Let’s get an egg timer, Denise thought, and see how long this marriage lasts.

She waited in vain, as they walked the length of the quai after dinner, for Brian to brush her hand with his. He kept looking at her hopefully, as if to be sure she had no objection to his stopping at this store window or veering down that side street. He had a happy canine way of seeking approval without seeming insecure. He described his plans for the Generator as if it were a party that he was almost certain she would enjoy. Clearly convinced, in the same way, that he was doing a Good Thing that she wanted, he backed away from her hygienically when they parted for the night in the lobby of the Deux Îles.

She endured ten days of his affability. Toward the end she couldn’t stand to see herself in mirrors, her face seemed to her so ravaged, her tits so droopy, her hair such a frizzball, her clothes so traveled-out. She was, basically,
shocked
that this unhappy husband was resisting her. Even though he had good reason to resist her! He being the father of two lovely
girls! And she being, after all, his paid employee! She respected his resistance, she believed that this was how adults should behave; and she was extremely unhappy about it.

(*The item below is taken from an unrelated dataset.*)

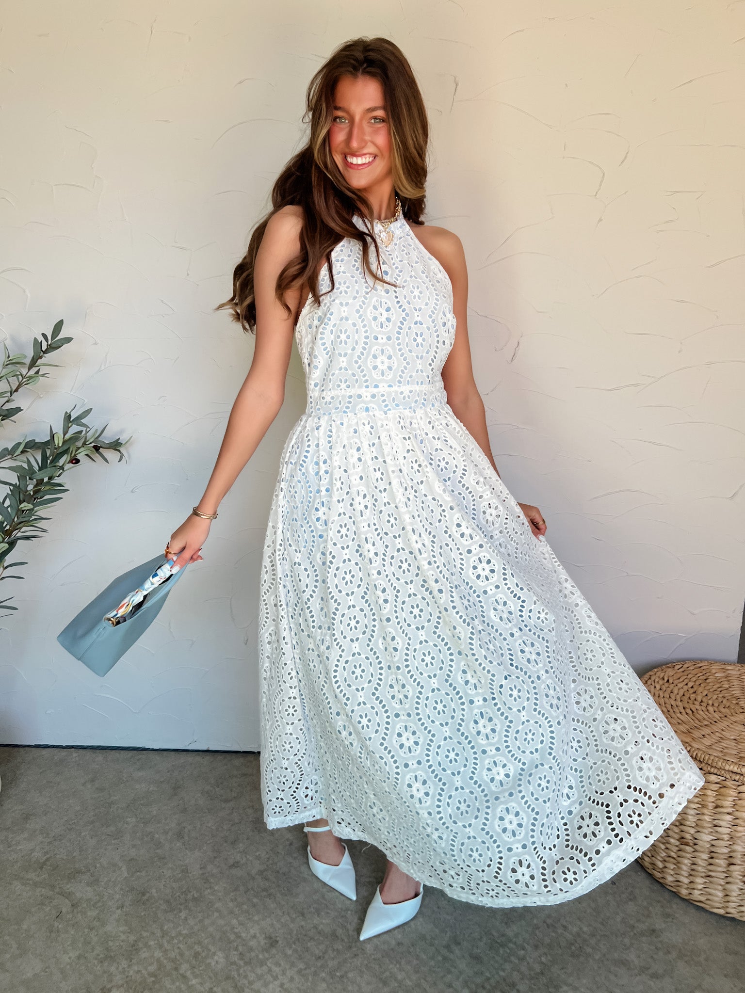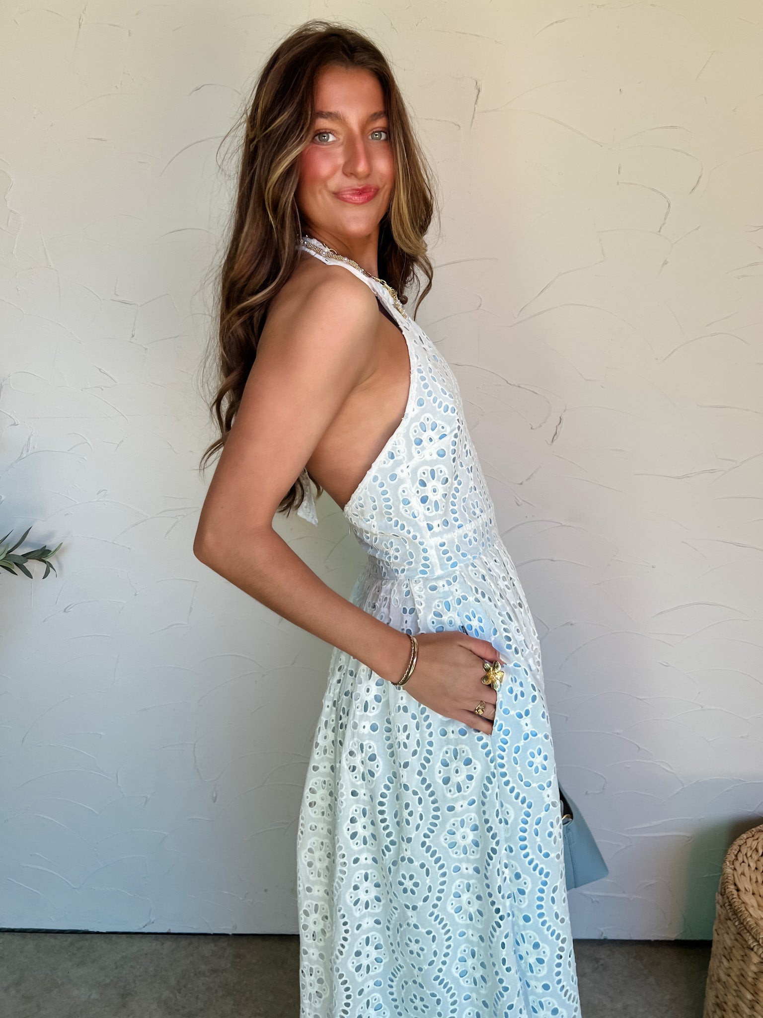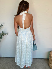 The Wind Whispers Eyelet Lace Halter Maxi Dress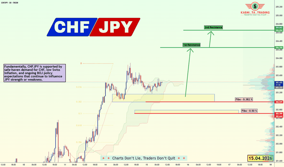 Setup Overview: FX:CHFJPY CHFJPY is showing signs of strength after a strong impulsive move higher, followed by a healthy retracement into an important support zone. Price is currently holding above the Fibonacci retracement area, with the 0.382 level near 202.979 and the 0.50 level near 202.709 acting as the main demand zone. This pullback looks like a possible continuation setup rather than a reversal, as price remains structurally bullish on the intraday view. The highlighted zone could offer buyers a strong reaction point if price dips lower before continuation. As long as CHFJPY stays supported above this area, the bullish outlook remains valid. Support & Resistance: Main Support Zone: 202.70 β 202.98 Current Price Area: around 203.43 1st Resistance: 204.250 2nd Resistance: 204.654 A successful hold above support may trigger a move toward the first resistance at 204.250, and if momentum continues, price could extend toward 204.654. Disclaimer: This analysis... Read more -

She bent her will to the task of not feeling overweight and starving herself. It didn’t help that she was sick of lunch and dinner and wanted only picnics. Wanted baguettes, white peaches, dry chèvre, and coffee. She was sick of watching Brian enjoy a meal. She hated Robin for having a husband she could trust. She hated Robin for her rudeness at Cape May. She cursed Robin in her head, called Robin a cunt and threatened to fuck her husband. Several nights, after dinner, she considered violating her own twisted ethics and putting the moves on Brian (because surely he would defer to her judgment; surely, given permission, he would jump up on her bed and pant and grin and lick her hand), but she was finally too demoralized by her hair and clothes. She was ready to go home.

Two nights before they left, she knocked on Brian’s door before dinner and he pulled her into his room and kissed her.

He’d given no warning of his change of heart. She visited the confessor in her head and was able to say, “Nothing! I did nothing! I knocked on the door, and next thing I know, he’s on his knees.”

On his knees, he pressed her hands to his face. She looked at him as she’d looked at Don Armour long ago. His desire brought cool topical relief to the dryness and crackedness, the bodywide distress, of her person. She followed him to bed.

Naturally, being good at everything, Brian knew how to kiss. He had the oblique style she liked. She murmured ambiguously: “I love your taste.” He put his hands everywhere she’d expected him to put them. She unbuttoned his shirt as the woman does at a certain point. She licked his nipple in the nodding, firm way of a grooming cat. She put a
practiced, curled hand on the lump in his pants. She was beautifully, avidly adulterous and she knew it. She embarked on buckle work, on hook and button projects, on elastic-band labors, until there began to swell inside her, hardly noticeable and then suddenly distinct, and then not merely distinct but increasingly painful in its pressure on her peritoneum and eyeballs and arteries and meninges, a body-sized, Robin-faced balloon of
wrongness
.

Brian’s voice was in her ear. He was asking the protection question. He’d mistaken her discomfort for transports, her squirming for an invitation. She clarified by rolling out of bed and crouching in a corner of the hotel room. She said she couldn’t.